I think it is very important that, as technology moves forward, we embrace and continue to celebrate and not forget important processes from the past. Wet plate photography is one of those processes.

I am very proud to be one of four people pouring wet plates in the state of North Dakota at this time. Every time I show someone the wet plate process, they are absolutely amazed regarding the ability to get a photograph using some chemicals and pieces of glass that I cut by hand.

It is my goal to capture as many people as I can in this process. Friends, family, loved ones, or complete strangers, it does not matter. I want to share with as many people as possible this beloved process that dates back to 1848.

Wet plate photography was such an important medium for expression in the past and I want it to continue to be today. It has been said that, “you do not take a wet plate photograph, it is given to you” and this is so very true.

I have over 500 of my works curated in 20 archives around the globe.

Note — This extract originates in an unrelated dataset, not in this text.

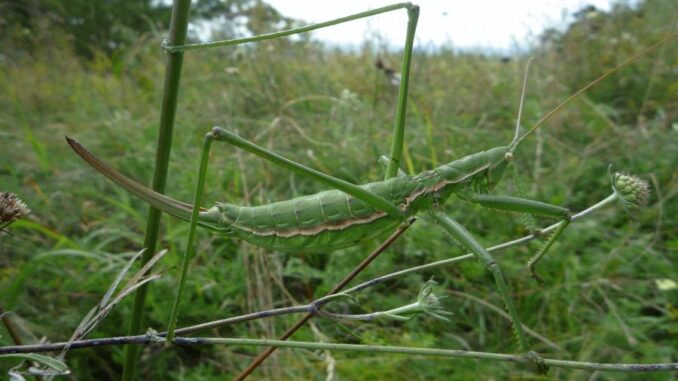 BŘECLAV – Pozdní léto, přecházející v podzim, je obdobím, kdy se na pálavských stepních lokalitách můžete setkat s naším největším zástupcem rovnokřídlého hmyzu, vzácnou kobylkou ságou (Saga pedo).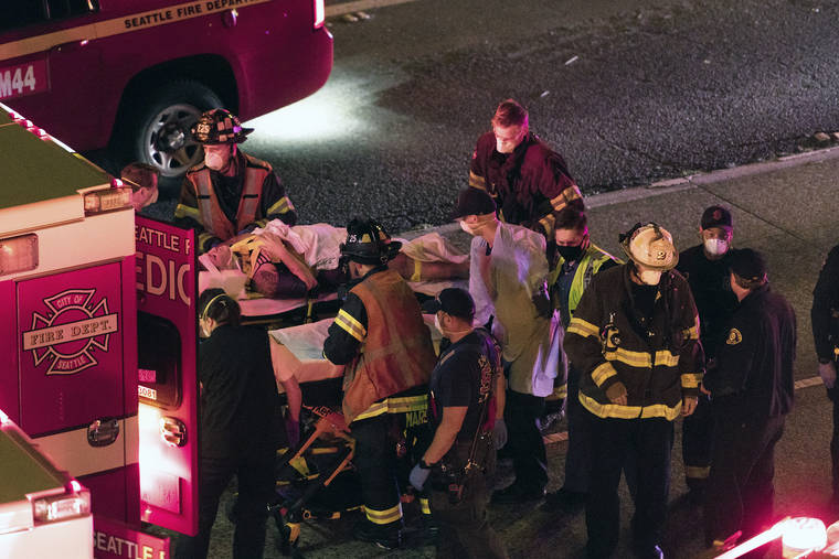 Emergency workers bring an injured person to an ambulance after a driver sped through a protest-related closure on the Interstate 5 freeway in Seattle, authorities said early Saturday, July 4, 2020. Dawit Kelete, 27, has been arrested and booked on two counts of vehicular assault. (James Anderson via AP)

I have a plate of Evander Holyfield at the Portrait Gallery at the Smithsonian and my recent plate, “Standing for Us All” of Greta Thunberg, was just accepted into the Library of Congress in Washington, D.C.

The State Historical Society of North Dakota is curating my series “Northern Plains Native Americans: A Modern Wet Plate Perspective.”

My main gear is my 8×10” large format studio camera by Alessandro Gibellini from Italy (I call the camera Red Molly). In fact, I have just received Red Molly II as a backup from my friend in Italy.

I have different size inserts for the plate holders, but all my serious work is shot in the 8×10” format. I love this larger size format because the glass has a weight and a presence to it that you do not get with small plates.

I only shoot on black glass. There is something romantic about the darkness of the glass and the weight of the glass.

I almost exclusively use a Carl Zeiss Tessar 300mm f/4.5 lens. I own all the sizes, but for me, this size works great for my portraits.

I have to shoot wide open in my natural-light studio and the exposure time with Northern light is usually around 10 seconds. I have an affinity to the sharpness and clarity that this more modern lens brings to the process and my work.

I do not have a shutter on my camera. I manually remove and replace the lens cap with every exposure.

I built the largest natural light wet plate studio, in the states, in over 100 years. I do everything I can to use the light from the sun.

Depending on what time of the year it is, I sometimes have to bolster the natural light with continuous fluorescent bulbs. That is something I try to avoid. As I always say, “Natural light is king.”

I do not use bags or straps with my camera. My camera is able to be folded up for travel, if I wish.

I have a vintage Fatif, made in Italy, large studio tripod that I use for my creative work in the studio. It gives me amazing flexibility and control over the angle of the shot.

I use Lightroom as my only software package that I own. It allows me to crop and fix the brightness and tones of the scanned plate. I always try to get the scans as close as I can to the original plate, which can be very difficult.

I never consider scans of my plates my work; my work only exists in silver on glass.